In November 2020, Herbster established a campaign committee in preparation for a second gubernatorial race. He selected Omaha City Councilwoman Aimee Melton as his campaign treasurer. On April 26, 2021, Herbster declared his candidacy in the 2022 Nebraska gubernatorial election. Until September 2021, Corey Lewandowski served as a senior advisor before he was let go amid sexual harassment allegations. In 2021, Herbster called Ben Sasse a "Looney Tune Senator." Herbster is opposed to the estate tax in the United States, and his opposition to critical race theory was a central part of his gubernatorial campaign.

KMTV reported in June 2021 that Herbster had almost 600 late property tax payments on his various properties in Colorado, Iowa, Missouri, Nebraska. and Virginia. Herbster responded that the funds were used for payroll; however, he gave personal donations totaling millions to political campaigns during this same time period.

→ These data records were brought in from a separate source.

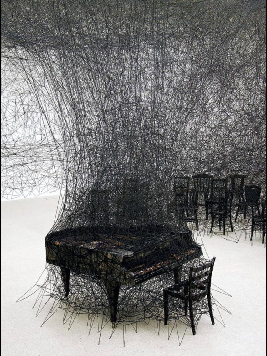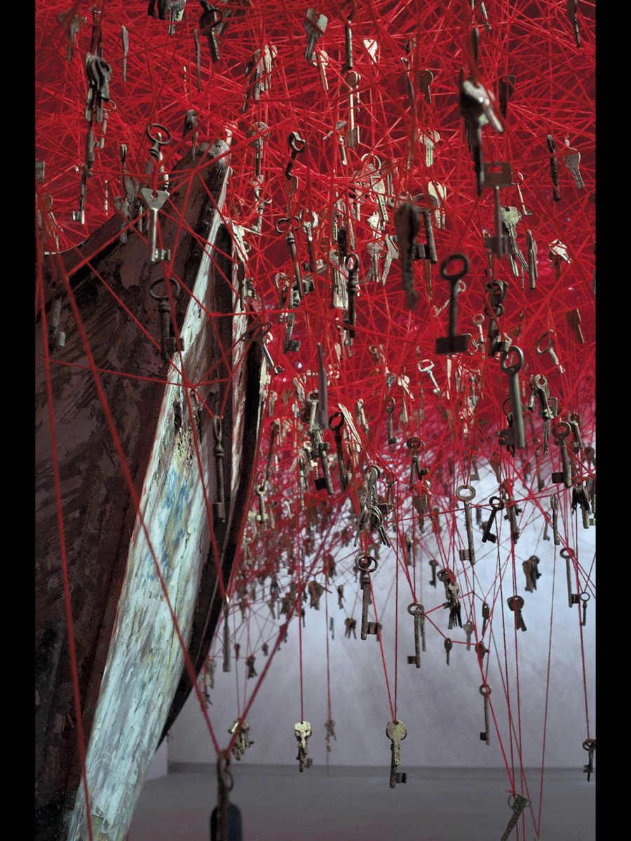 "Chiharu Shiota weaves an inmersive labyrinth of keys and yarn"."http://www.designboom.com/art/chiharu-shiota-venice-art-biennale-the-key-in-the-hand-05-06-2015/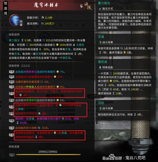 之前元婴的版本用处不大,因为冰风暴场上只能存在一个,冰冻效率太低。化神悟道版本更新后就没有上限了?(实际上限不清楚,因为并不是绝技0cd,0cd本身也不可能,因为右键有蓄力时间)
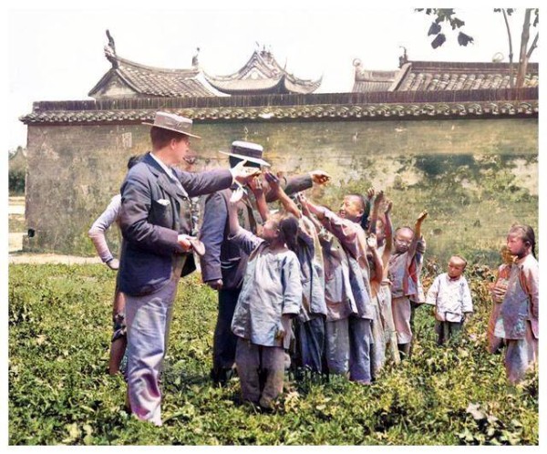 两名洋人男子身穿西装、戴着礼帽,正在向一群儿童撒糖果。他们故意把手中的糖果举得很高,似乎在展示自己的慷慨和善心。摄影师抓住了这个瞬间,记录下了他们做出的“善举”,这场景也成为了上海老照片中的一部分。

Donald Trump endorsed Herbster in late 2021. Herbster has shifted between supporting the idea that Trump won the 2020 election and stating Joe Biden is the "duly elected" President. Incumbent governor Pete Ricketts denounced the endorsement. Reid Epstein of The New York Times characterized the Trump endorsement as the "entire rationale" for the campaign.

In May 2022, Herbster lost the primary election, placing second behind businessman Jim Pillen.

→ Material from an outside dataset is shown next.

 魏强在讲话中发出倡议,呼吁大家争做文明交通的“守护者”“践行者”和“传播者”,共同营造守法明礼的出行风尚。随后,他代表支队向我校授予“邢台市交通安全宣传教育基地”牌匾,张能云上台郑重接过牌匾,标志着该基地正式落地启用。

==Sexual assault allegations==
In April 2022, the Nebraska Examiner published a story stating that Nebraska state senator Julie Slama and seven other women accused Herbster of groping or forcibly kissing them dating back to 2017. The allegations were supported by witnesses. Herbster denies the allegations. Two weeks later, a former legislative assistant to State Senator Dave Murman publicly accused Herbster of groping her at the same event in which Slama accused Herbster of groping her.

Herbster filed a defamation lawsuit against Slama in Johnson County District Court. Three days later, Slama filed a countersuit against Herbster alleging that Herbster had committed sexual battery. Her lawyer called Herbster's lawsuit "a frivolous and bad faith attempt to bully a sexual assault victim into silence." In court papers, Slama gave specific and graphic details on how Herbster assaulted her in public and requested a jury trial.

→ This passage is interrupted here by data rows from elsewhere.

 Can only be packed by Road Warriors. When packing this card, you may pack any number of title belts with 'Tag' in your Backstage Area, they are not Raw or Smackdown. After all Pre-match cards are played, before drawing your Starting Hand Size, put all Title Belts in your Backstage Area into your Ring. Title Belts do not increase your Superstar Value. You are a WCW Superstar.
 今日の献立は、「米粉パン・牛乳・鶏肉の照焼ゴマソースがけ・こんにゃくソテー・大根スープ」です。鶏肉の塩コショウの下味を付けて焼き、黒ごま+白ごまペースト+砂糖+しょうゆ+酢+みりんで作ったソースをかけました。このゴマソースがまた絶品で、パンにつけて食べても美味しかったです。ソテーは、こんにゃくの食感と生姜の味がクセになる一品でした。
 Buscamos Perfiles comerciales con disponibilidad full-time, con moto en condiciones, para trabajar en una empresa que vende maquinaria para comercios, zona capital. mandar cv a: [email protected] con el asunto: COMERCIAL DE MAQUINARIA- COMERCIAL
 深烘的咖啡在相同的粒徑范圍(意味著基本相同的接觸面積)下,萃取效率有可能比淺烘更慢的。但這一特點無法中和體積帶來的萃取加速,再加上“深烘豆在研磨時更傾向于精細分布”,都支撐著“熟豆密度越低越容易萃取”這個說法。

Slama's lawyers sought to depose Herbster before the primary election, but Herbster's lawyers successfully delayed a deposition of their client in May 2022 and continued to resist a deposition in June 2022. Slama accused Herbster of waging a "prejudicial media war" against her.

Although Donald Trump continued to support Herbster in his run for governor after the allegations were made public, in April 2022 the "former president relayed word that Herbster wasn't fighting back hard enough" to dispel the assault allegations which encouraged Herbster to release video attack ads against Slama without directly mentioning her name.

In October 2022, Herbster and Slama dropped their lawsuits against one another.

==Personal life==
Herbster considers himself an evangelical Christian. While a student at the University of Nebraska–Lincoln, Herbster married fellow student Lorienne Gayle Smith in 1975. Their marriage ended in divorce in 1980. In 1982, he married Judith Ann Wagg, whom he met through his work at Conklin Company. It was reported that Judith Herbster died on May 2, 2017.